MATERIALS PROVIDED:
^^^^^^^^^^^^^^^^

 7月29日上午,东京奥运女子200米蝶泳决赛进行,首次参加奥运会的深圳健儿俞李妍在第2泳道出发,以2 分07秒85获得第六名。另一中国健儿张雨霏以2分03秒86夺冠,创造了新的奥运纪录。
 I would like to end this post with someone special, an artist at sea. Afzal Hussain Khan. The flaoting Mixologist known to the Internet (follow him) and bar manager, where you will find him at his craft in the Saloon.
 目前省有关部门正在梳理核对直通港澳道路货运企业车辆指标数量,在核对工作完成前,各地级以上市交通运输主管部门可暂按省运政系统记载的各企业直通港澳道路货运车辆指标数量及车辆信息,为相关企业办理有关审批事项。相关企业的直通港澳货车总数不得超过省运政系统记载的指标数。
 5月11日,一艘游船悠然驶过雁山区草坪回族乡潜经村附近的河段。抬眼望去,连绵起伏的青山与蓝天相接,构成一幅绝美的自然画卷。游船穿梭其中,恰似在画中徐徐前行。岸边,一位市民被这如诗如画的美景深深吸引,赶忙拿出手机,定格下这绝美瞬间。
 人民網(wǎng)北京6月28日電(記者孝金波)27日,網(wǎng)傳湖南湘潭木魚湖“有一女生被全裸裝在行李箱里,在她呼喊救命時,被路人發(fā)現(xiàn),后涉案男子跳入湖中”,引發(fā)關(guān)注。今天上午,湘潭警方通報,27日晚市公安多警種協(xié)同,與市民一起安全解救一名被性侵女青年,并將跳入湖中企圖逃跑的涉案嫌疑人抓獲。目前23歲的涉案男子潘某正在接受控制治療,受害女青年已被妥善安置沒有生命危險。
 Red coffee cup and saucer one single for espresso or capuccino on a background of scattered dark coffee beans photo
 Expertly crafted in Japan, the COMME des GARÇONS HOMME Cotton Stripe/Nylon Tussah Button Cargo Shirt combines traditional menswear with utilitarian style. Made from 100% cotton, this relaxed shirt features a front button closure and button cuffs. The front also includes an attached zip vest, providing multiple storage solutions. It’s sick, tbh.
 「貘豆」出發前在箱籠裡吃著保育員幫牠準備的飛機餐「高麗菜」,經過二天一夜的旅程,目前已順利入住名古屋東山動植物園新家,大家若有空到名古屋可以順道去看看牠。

^^^^^^^^^^^^^^^^

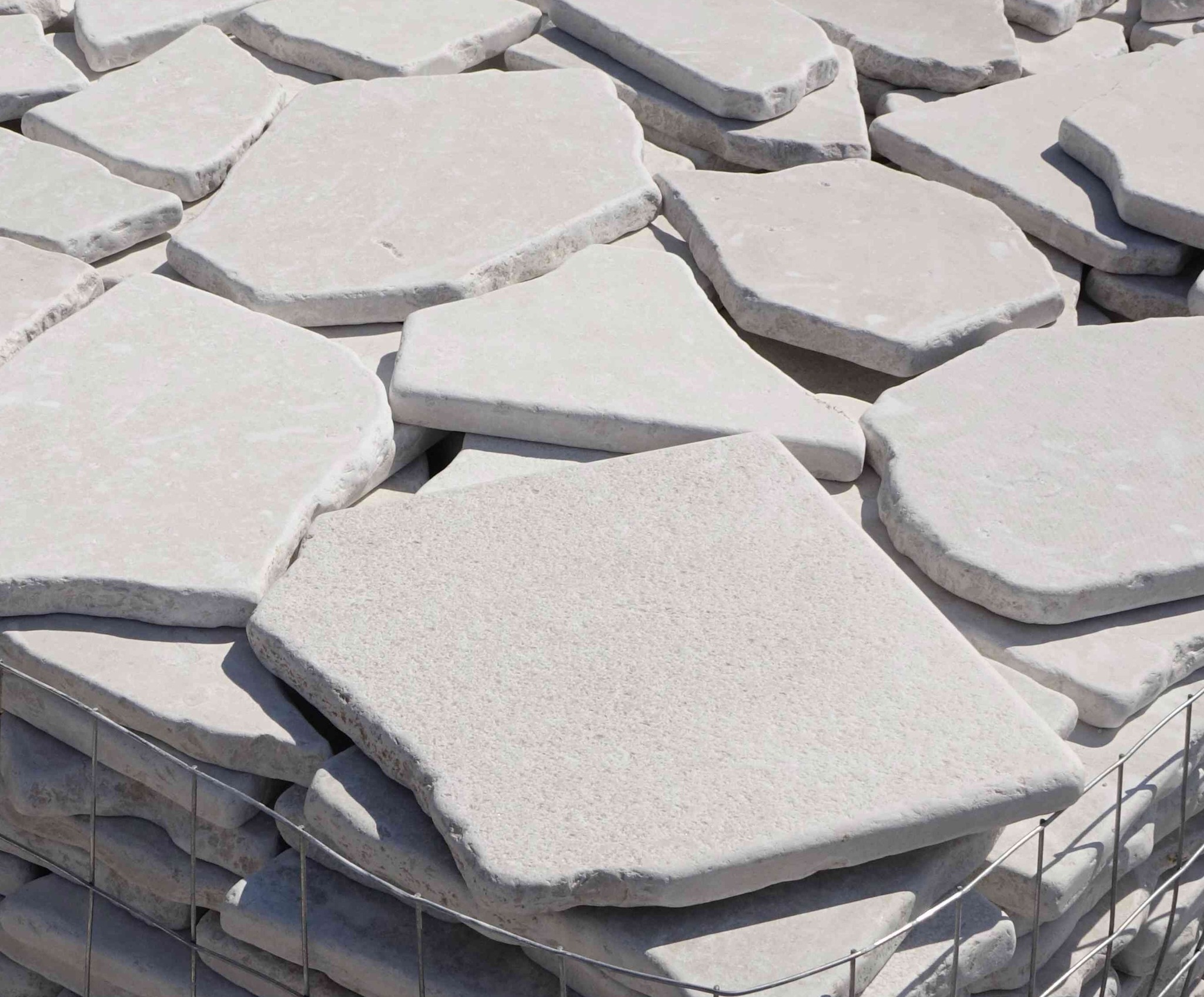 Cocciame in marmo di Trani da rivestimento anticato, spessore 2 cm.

^^^^^^^^^^^^^^^^

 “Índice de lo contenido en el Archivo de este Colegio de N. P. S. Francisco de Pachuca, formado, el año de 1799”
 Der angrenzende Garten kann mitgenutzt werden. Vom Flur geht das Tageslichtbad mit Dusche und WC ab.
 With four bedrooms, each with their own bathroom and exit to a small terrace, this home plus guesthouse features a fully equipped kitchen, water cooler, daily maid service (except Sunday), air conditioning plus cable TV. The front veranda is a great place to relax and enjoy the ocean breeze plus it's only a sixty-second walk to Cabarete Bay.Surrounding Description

^^^^^^^^^^^^^^^^

WORK INSTRUCTION:
Everything starting at the line containing "de lo contenido" and ending at the line containing "With four bedrooms, each" in the records above should be repeated exactly, and only that.

ANSWER FOR THE TASK:
 “Índice de lo contenido en el Archivo de este Colegio de N. P. S. Francisco de Pachuca, formado, el año de 1799”
 Der angrenzende Garten kann mitgenutzt werden. Vom Flur geht das Tageslichtbad mit Dusche und WC ab.
 With four bedrooms, each with their own bathroom and exit to a small terrace, this home plus guesthouse features a fully equipped kitchen, water cooler, daily maid service (except Sunday), air conditioning plus cable TV. The front veranda is a great place to relax and enjoy the ocean breeze plus it's only a sixty-second walk to Cabarete Bay.Surrounding Description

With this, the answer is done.